Il giorno del “feroce attacco” di Einstein alla scuola di Copenaghen

di Giorgio Masiero

L’EPR, ovvero l’esperimento che dopo 20 anni di ostracismo aprirà le porte alla non-località, per l’iniziativa di un pugno di fisici “eretici”

Se una teoria della fisica deve essere completa, deve contenere un elemento per ogni elemento di realtà…: con queste parole comincia uno degli articoli più famosi e dibattuti della storia della fisica. Intitolato “Can Quantum-Mechanical Description of Physical Reality Be Considered Complete?”, fu pubblicato il 15 maggio 1935 dal Physical Review a firma di A. Einstein, B. Podolsky e N. Rosen.

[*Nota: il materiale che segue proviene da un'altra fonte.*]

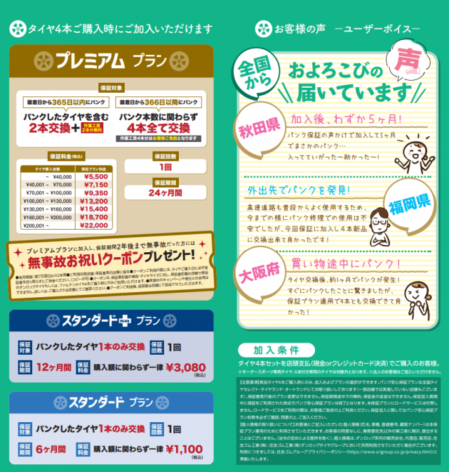 冬タイヤも! 夏タイヤも!ご加入できます♪
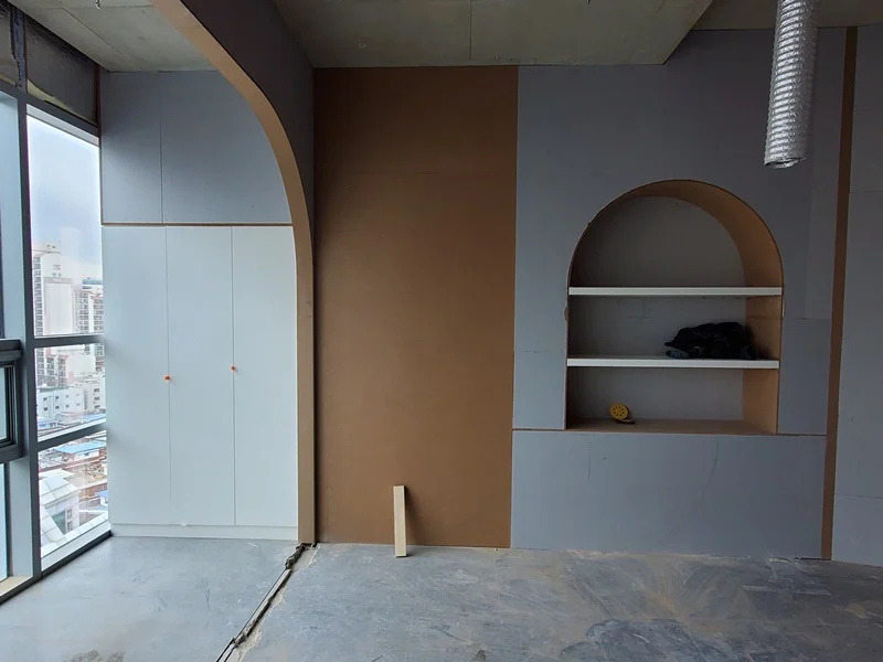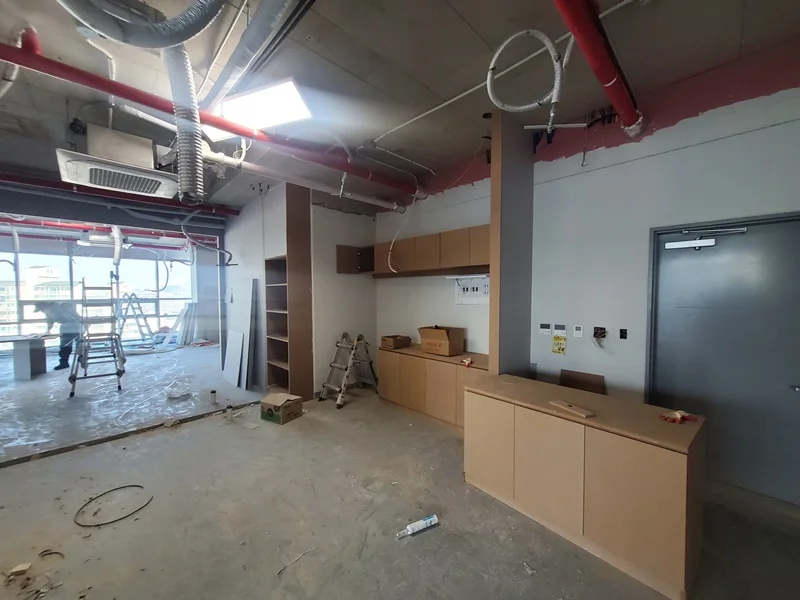 회의실은 유리 파티션을 설치해 개방감을 유지하면서도 독립성을 확보했습니다. 마지막으로 먼지와 자재 잔여물을 모두 정리한 뒤, 디테일을 점검하고 마무리 공사를 진행했습니다.
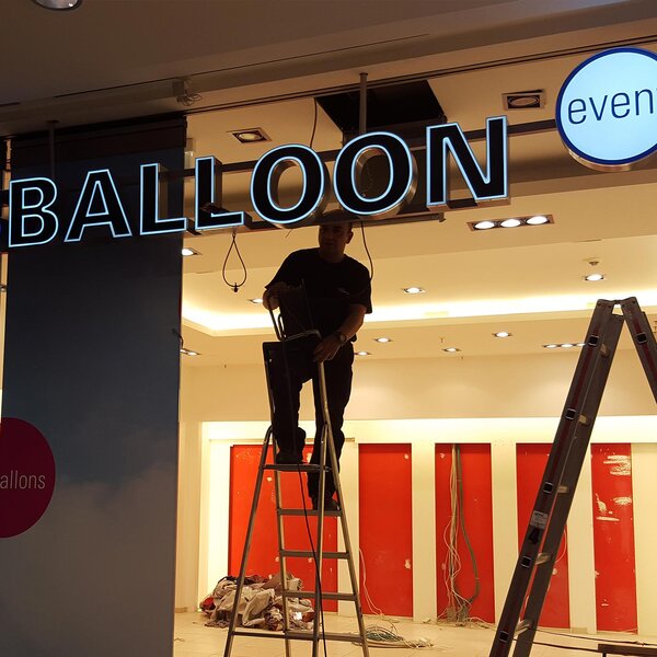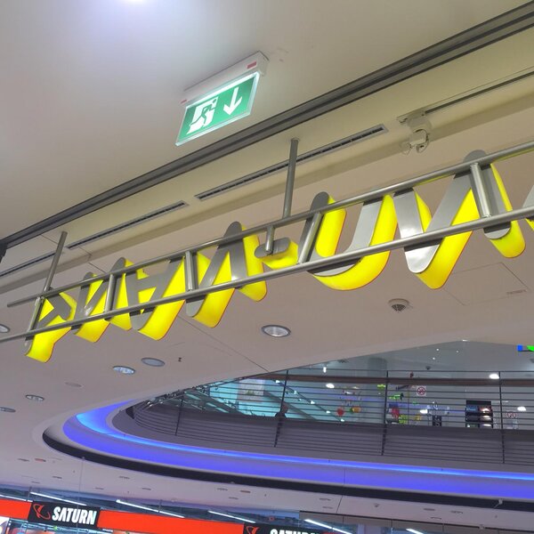 Die Ausführung der Leuchtschriften erfolgte als Deckenhänger mit einer 2-reihigen Unterkonstruktion, die Leuchtbuchstaben in Profil 5 als Frontleuchter.

Nei primi anni del ‘900, quando ancora risuonava nelle aule universitarie l’eco di entusiastici epitaffi sulla fine della fisica “perché ormai conosciamo tutte le grandi leggi della natura e i segreti dell’armonia cosmica” (Lord Kelvin, 27 aprile 1900 alla Royal Society di Londra), nuove scoperte come lo spettro del corpo nero, l’effetto fotoelettrico, le righe degli atomi, ecc. falsificarono dai fondamenti le teorie costruite dai tempi di Galileo e di Newton fino ad allora, inducendo ad inventare nuove ipotesi. Queste sarebbero culminate negli anni ’20 nella meccanica quantistica (MQ). Con la relatività speciale (1905) e la relatività generale (1915), fu a inizio secolo una vera e propria rivoluzione nella scienza.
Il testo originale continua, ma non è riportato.